Instinctools extended the original concept by introducing a peer-to-peer knowledge-sharing network. Technicians can identify colleagues with experience on specific turbine models, exchange troubleshooting insights, and collaborate through in-app communication channels. This transformed the solution from a document repository into a collaborative field support ecosystem.

The architecture was designed for reliability, scalability, and compliance. Hosted on AWS within EU data boundaries, the platform leveraged AWS Bedrock and Anthropic Claude for AI capabilities, pgvector for semantic retrieval, DeepL for multilingual translation, and Auth0 for secure identity management. Offline functionality enabled technicians to access saved documents even in low-connectivity environments, ensuring operational continuity during offshore and remote maintenance activities.

Results

The AI-powered knowledge platform successfully transformed technical support into a strategic product differentiator for the manufacturer. By consolidating fragmented documentation into a single conversational interface and augmenting it with a structured technician network, the solution significantly reduced the time and effort required to diagnose and resolve field issues.

Following rollout to an initial group of 100 technicians, adoption grew organically as users recognized the value of faster access to verified information and peer expertise. The platform reduced support requests escalated to the manufacturer’s customer support teams by 37%, enabling experts to focus on higher-value activities while empowering technicians to solve more issues independently. Technicians could obtain source-verified answers in less than 30 seconds, dramatically improving responsiveness during maintenance operations.

The combination of AI-powered search, fault-code recognition, personalized content recommendations, and collaborative knowledge sharing accelerated troubleshooting by 2.5 times compared to previous processes. At the same time, every AI-generated response maintained traceability to approved documentation, increasing confidence in recommendations and supporting safe decision-making in the field.

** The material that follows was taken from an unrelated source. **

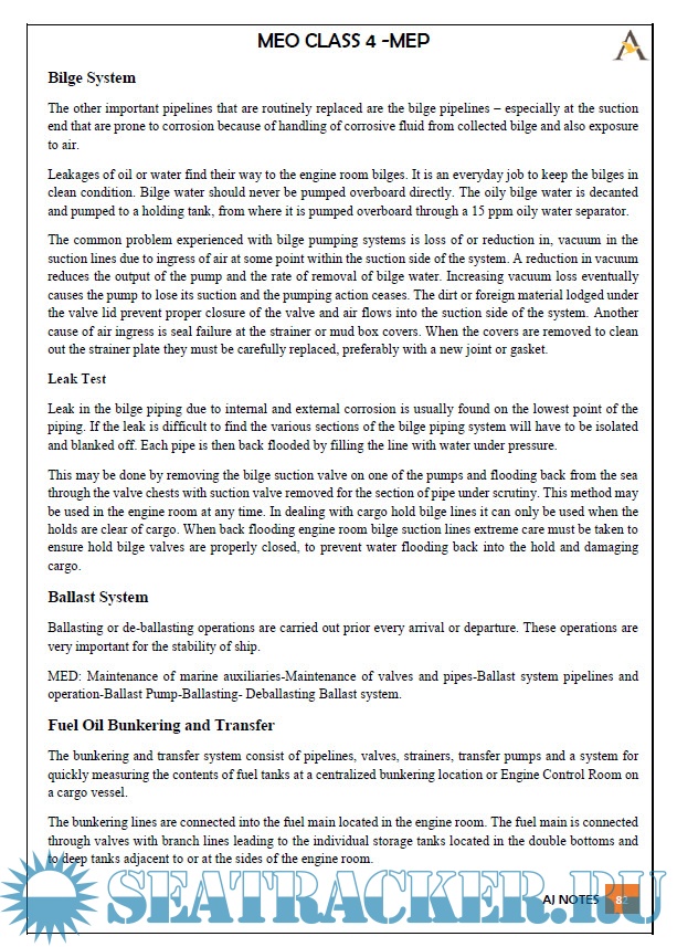 Year: 20xx Language: english Author: AJ Notes Format: PDF Quality: eBook Pages count: 162 Description: Marine Repair at Operational Level (MROL) Function 6 MEO Class 4 Orals

Beyond the immediate operational gains, the project created a scalable foundation for future growth. The modular architecture can be extended across additional turbine product lines and adapted for other asset-intensive industries that rely on distributed field service teams. The result was a measurable improvement in customer support efficiency, technician productivity, and overall service experience, turning post-sale support into a valuable competitive advantage.